Women who started the trial with baseline RBC-folate levels <590 nmol/L (Fig. 1; Table 3), maintained lower levels until week 8 as compared with women who started with levels ≥590 nmol/L (Table 4). However, women with low baseline RBC-folate levels who received 800 µg/day for 8 weeks were more likely to achieve the desirable range compared with those in the 400 µg/day group (69.4 vs. 20.0%) (Table 3). Women with low RBC-folate at start had reached a mean RBC-folate of 598 nmol/L (none ≥906 nmol/L) after 4 weeks and a mean of 778 nmol/L (20%, ≥906 nmol/L) after 8 weeks (Fig. 1). In the subgroup of women with RBC-folate ≥590 nmol/L, 80% of the participants reached desirable folate concentrations within 4 weeks of supplementing 800 µg/day, while 63.3% reached similar RBC folate range within 4 weeks of supplementation with 400 µg/day (Table 4, Fig. 1).
In the 400 µg/day group, there was no significant correlation between baseline RBC-folate and delta RBC-folate at 4 weeks (Spearman correlation r = −0.05, p = 0.641) or that at 8 weeks (r = 0.04, p = 0.670). The changes of RBC-folate in the 800 µg/day group showed a weak, but significant negative correlation with baseline RBC-folate at 4 weeks (r = −0.22, p = 0.033), but not at 8 weeks (r = −0.10, p = 0.318). Thus, the supplemental dose and time on supplements had a stronger influence on the changes of RBC-folate compared with the influence of baseline RBC-folate concentrations.

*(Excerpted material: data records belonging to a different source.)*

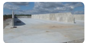
Beispiele für Anlagen aus Beton
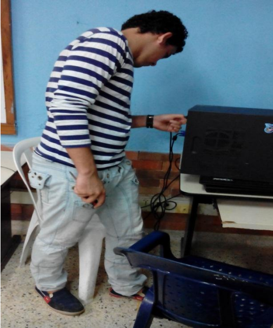
Figura 7. Instalación equipo con fuente de poder 500w
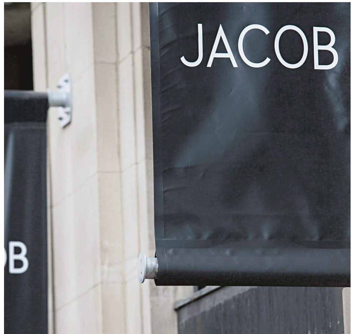
GRAHAM HUGHES LA PRESSE CANADIENNE

L'entreprise annonçait au début de mai devoir fermer boutique. Forcé de constater l'échec de sa restructuration, le
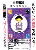
パワースポット めぐり ¥1,000
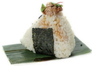
34. ONIGIRI TONNO COTTO Tonno cotto e scaglie di pesce
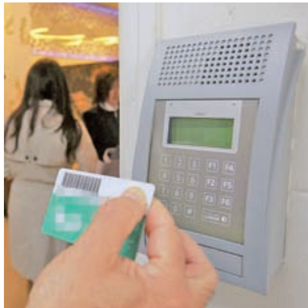
El registro es ya obligatorio

El objetivo de esta medida es medir la duración de las jornadas laborales y, por lo tanto, las horas extraordinarias, y también los descansos, que no pueden ser inferiores a doce horas entre final e inicio de jornada ni a 36 semanales, aunque con peculiaridades sobre su ubicación en el calendario según el sector de que se trate.
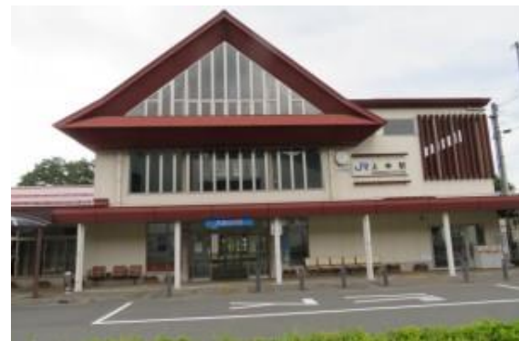
No49. 上中駅 20210429 (土) 11:45
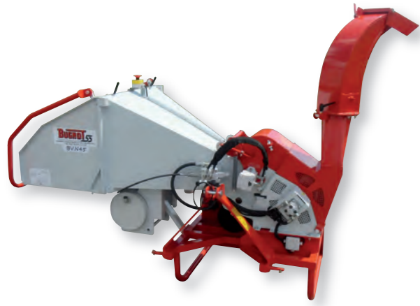
BV N45 PFH : Version prise de force 540 tr/mn avec rouleau ameneur hydraulique
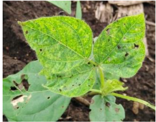
แปลงที่ 2 แปลงปลูกถั่วเขียว นางบุญรอด พันหลง ม.4 ต.ลำพยนต์ อ.ตากฟ้า จ.นครสวรรค์
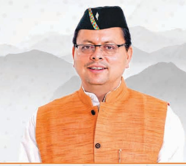
Pushkar Singh Dhami Chief Minister, Uttarakhand
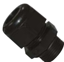
Στυπιοθλίπτες από μονωτικό υλικό με μακρύ μετρικό σπείρωμα IP66/IP68
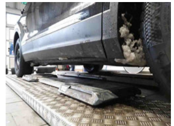
Seitenansicht - Schweller rechts

RBC-folate as a function of serum folate under supplementation
The post-intervention concentrations of RBC-folate were stratified into ranges that differ by 100 nmol/L (Supplemental Figs. 3 and 4). The response of serum concentrations of folate to treatment was strong and concentrations were not proportional to RBC-folate levels after supplementation. At 8 weeks, serum folate ≥47.0 nmol/L in the 400 µg/day or ≥61.2 nmol/L in the 800 µg/day group corresponded to RBC-folate concentrations of >940 nmol/L.

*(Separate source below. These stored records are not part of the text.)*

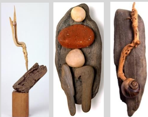
Ángel Ferrant. Pájaro de mar/ Pescador de Sada/ Extraño caracol, 1945.

En esta exposición, la obra de Ferrant se relaciona con la de artistas como Chema Madoz (1958), Joan Brossa (1919-1998) o Perejaume (1957), que, al igual que él, han dirigido parte de su trabajo a los objetos cotidianos atendiendo a sus posibilidades expresivas y al abanico de significados que contienen.
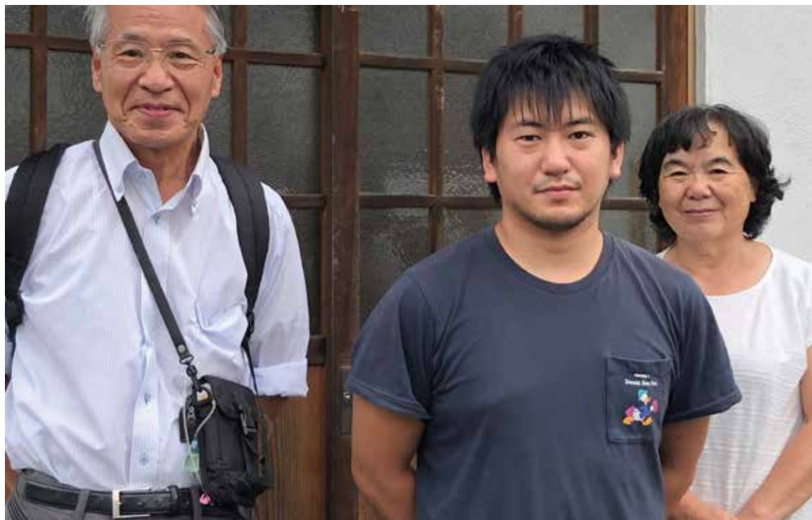
Pastor Ohira i Takahagi sammen med kone og sønn
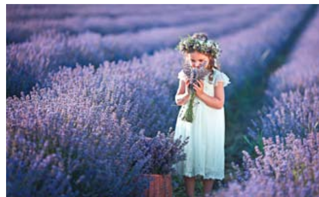
Фестиваль лаванды – 2016 на плантациях села Кобуска-Ноуэ.

некоторых косметических продуктов. Более того, часть этих косметических продуктов, производимых в Европе, «черпают вдохновение» в лаванде, выращенной на полях Молдовы, страны, включенной в рейтинг десяти ведущих производителей лавандового масла на мировом уровне.
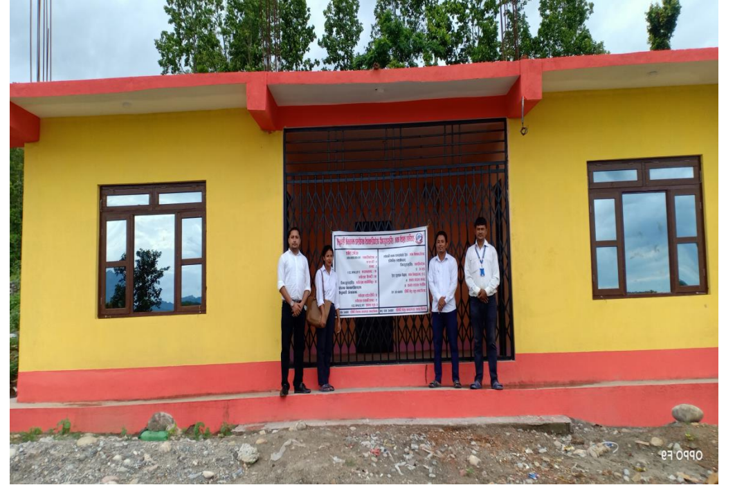
वडा नं २ को राई संघालय भवन

Ten intolerance cases were documented and considered related to the study supplements (mostly gastrointestinal intolerability), but in only one case, the participant dropped out (in the 400 µg/day group). No serious adverse events (including no death) were reported and no differences in reported adverse events between the study groups.